US regulators launched an investigationon Thursday into complaints by United States Steel Corp. that Chinese competitors stole its secrets and fixed prices, Reuters reported.
The International Trade Commission said in a statement that it has not made any decisions on the merits of the case.
US Steel, in its complaint under US tariff law, is seeking to halt nearly all imports from China’s largest steel producers and trading houses.
The commission identified 40 Chinese steelmakers and distribution subsidiaries as respondents, including Baosteel Group, Hebei Iron and Steel Group, Wuhan Iron and Steel Co. Ltd., Maanshan Iron and Steel Group, Anshan Iron and Steel Group and Jiangsu Shagang Group.
The probe comes amid a barrage of efforts by the US Commerce Department to clamp down on a glut of Chinese steel imports, including steep anti-dumping duties on corrosion-resistant steel announced on Wednesday.
US Steel filed its original complaint a month ago, alleging that it was a victim of a 2011 computer hacking incident that also prompted US federal cyberespionage indictments against five Chinese military officials in 2014.
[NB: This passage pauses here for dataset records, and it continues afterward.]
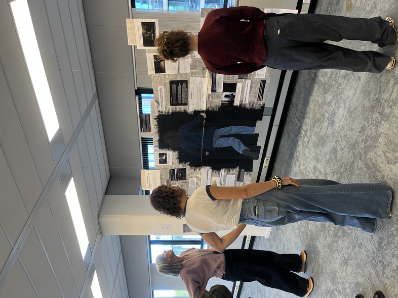 Een expositiewerk over de urgentie van dit vraagstuk. Een schilderwerk in combinatie met recente krantenkoppen.
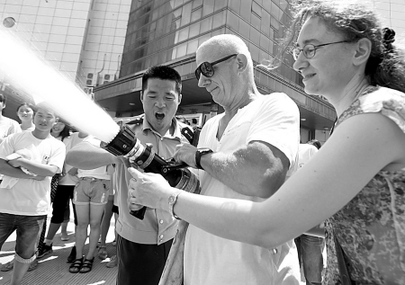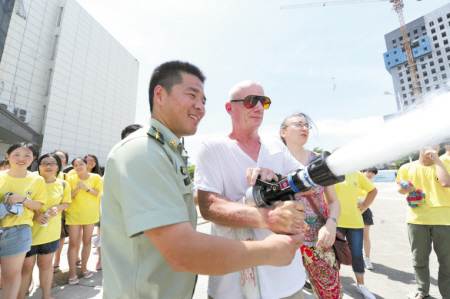 昨日上午,宁波市公安消防支队成立首支涉外消防安全宣讲小分队,主要服务对象是在宁波的外籍人士。在星空官方入口举行的消防体验活动上,来自美国的Donald(图中白衣者)体验消防水枪,引起学
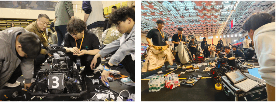 本年度备赛期间,战队创新采用分组攻坚模式,设立步兵、英雄、哨兵三大技术组,分别在步兵机械结构优化、英雄机器人系统集成、自主目标识别算法等关键领域攻克多项技术难点。其中英雄机器人整机开发项目与自主瞄准系统的实战应用,标志着团队历经半年的技术攻关取得突破性进展。在比赛中,“猛码战队”成员们凭借扎实的专业知识、出色的动手能力和默契的团队协作,克服重重困难,稳扎稳打,最终取得佳绩。赛后,团队成员参加青年工程师论坛与其他参赛队伍交流经验,分享技术,为下届赛事做好准备工作。
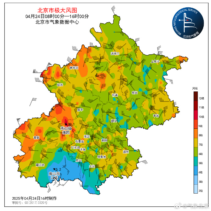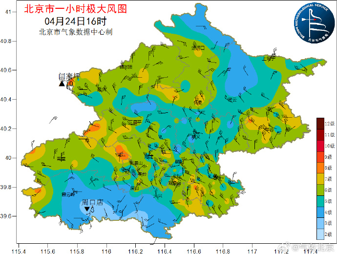 今天白天北京出现大风天气,有3、4级偏北风,阵风6、7级,局地8级以上。8时至16时,全市最大阵风风速出现在门头沟高山玫瑰园,为30.1米/秒(11级);平原地区最大阵风风速出现在海淀凤凰岭,为19.2米/秒(8级)。

The Pittsburgh-based steelmaker alleged the hackers stole research data on production techniques for a new generation of lightweight, high-strength steel now favored by automakers.
It said this accelerated Chinese competitor Baosteel’s ability to replicate the product, which took US Steel a decade to develop.
Chinese steelmakers and officials rejected the need for the probe, and steelmakers said they would contest any findings.
“The US steel industry has already lost its leading position, and there is nothing worth stealing,” said an executive with Maanshan Steel.